TASK INPUT
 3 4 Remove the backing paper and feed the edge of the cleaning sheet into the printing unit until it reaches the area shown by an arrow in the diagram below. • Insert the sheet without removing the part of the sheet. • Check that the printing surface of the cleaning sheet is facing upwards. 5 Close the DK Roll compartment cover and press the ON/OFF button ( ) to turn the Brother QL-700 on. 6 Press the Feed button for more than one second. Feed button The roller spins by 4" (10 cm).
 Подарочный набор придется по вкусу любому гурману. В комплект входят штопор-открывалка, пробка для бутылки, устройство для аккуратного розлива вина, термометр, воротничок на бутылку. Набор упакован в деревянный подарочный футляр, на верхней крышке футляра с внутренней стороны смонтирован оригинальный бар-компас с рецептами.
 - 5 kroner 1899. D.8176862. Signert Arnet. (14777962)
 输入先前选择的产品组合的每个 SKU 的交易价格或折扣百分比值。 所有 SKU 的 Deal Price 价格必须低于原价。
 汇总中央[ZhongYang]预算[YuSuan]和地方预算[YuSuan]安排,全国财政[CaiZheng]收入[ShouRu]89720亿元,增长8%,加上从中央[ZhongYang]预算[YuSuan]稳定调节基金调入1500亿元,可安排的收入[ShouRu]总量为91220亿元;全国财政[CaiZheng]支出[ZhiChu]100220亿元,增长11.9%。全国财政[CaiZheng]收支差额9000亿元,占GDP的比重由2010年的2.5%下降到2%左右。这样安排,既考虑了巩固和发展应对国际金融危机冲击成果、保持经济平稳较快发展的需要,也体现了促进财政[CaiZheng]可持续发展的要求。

---

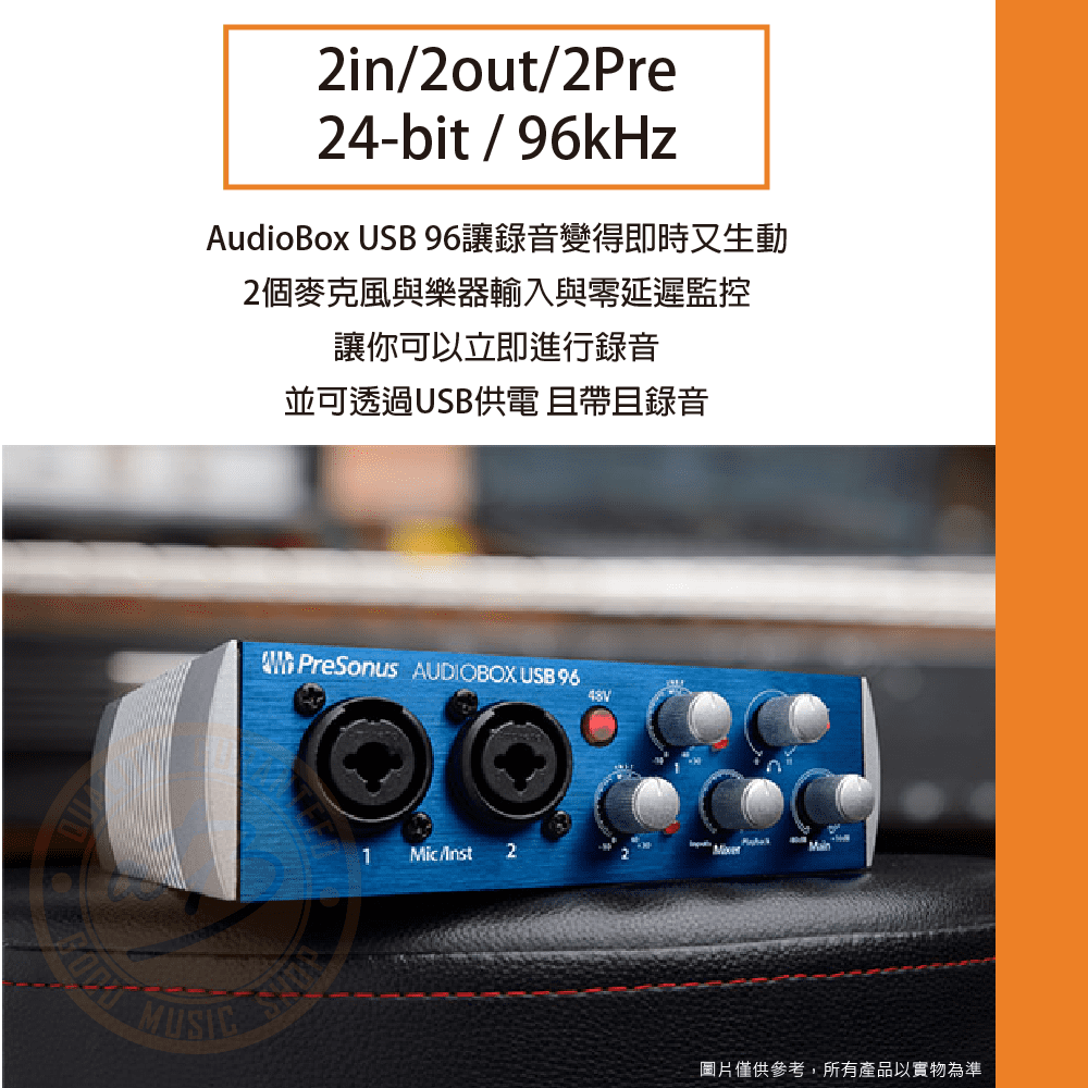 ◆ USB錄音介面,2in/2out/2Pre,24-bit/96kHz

EXERCISE AIM
In the entries above, the lines between the one holding "Подарочный набор придется" and the one holding "汇总中央[ZhongYang", inclusive, are to be printed exactly as written, and those alone.

RESULT OF THE EXERCISE
 Подарочный набор придется по вкусу любому гурману. В комплект входят штопор-открывалка, пробка для бутылки, устройство для аккуратного розлива вина, термометр, воротничок на бутылку. Набор упакован в деревянный подарочный футляр, на верхней крышке футляра с внутренней стороны смонтирован оригинальный бар-компас с рецептами.
 - 5 kroner 1899. D.8176862. Signert Arnet. (14777962)
 输入先前选择的产品组合的每个 SKU 的交易价格或折扣百分比值。 所有 SKU 的 Deal Price 价格必须低于原价。
 汇总中央[ZhongYang]预算[YuSuan]和地方预算[YuSuan]安排,全国财政[CaiZheng]收入[ShouRu]89720亿元,增长8%,加上从中央[ZhongYang]预算[YuSuan]稳定调节基金调入1500亿元,可安排的收入[ShouRu]总量为91220亿元;全国财政[CaiZheng]支出[ZhiChu]100220亿元,增长11.9%。全国财政[CaiZheng]收支差额9000亿元,占GDP的比重由2010年的2.5%下降到2%左右。这样安排,既考虑了巩固和发展应对国际金融危机冲击成果、保持经济平稳较快发展的需要,也体现了促进财政[CaiZheng]可持续发展的要求。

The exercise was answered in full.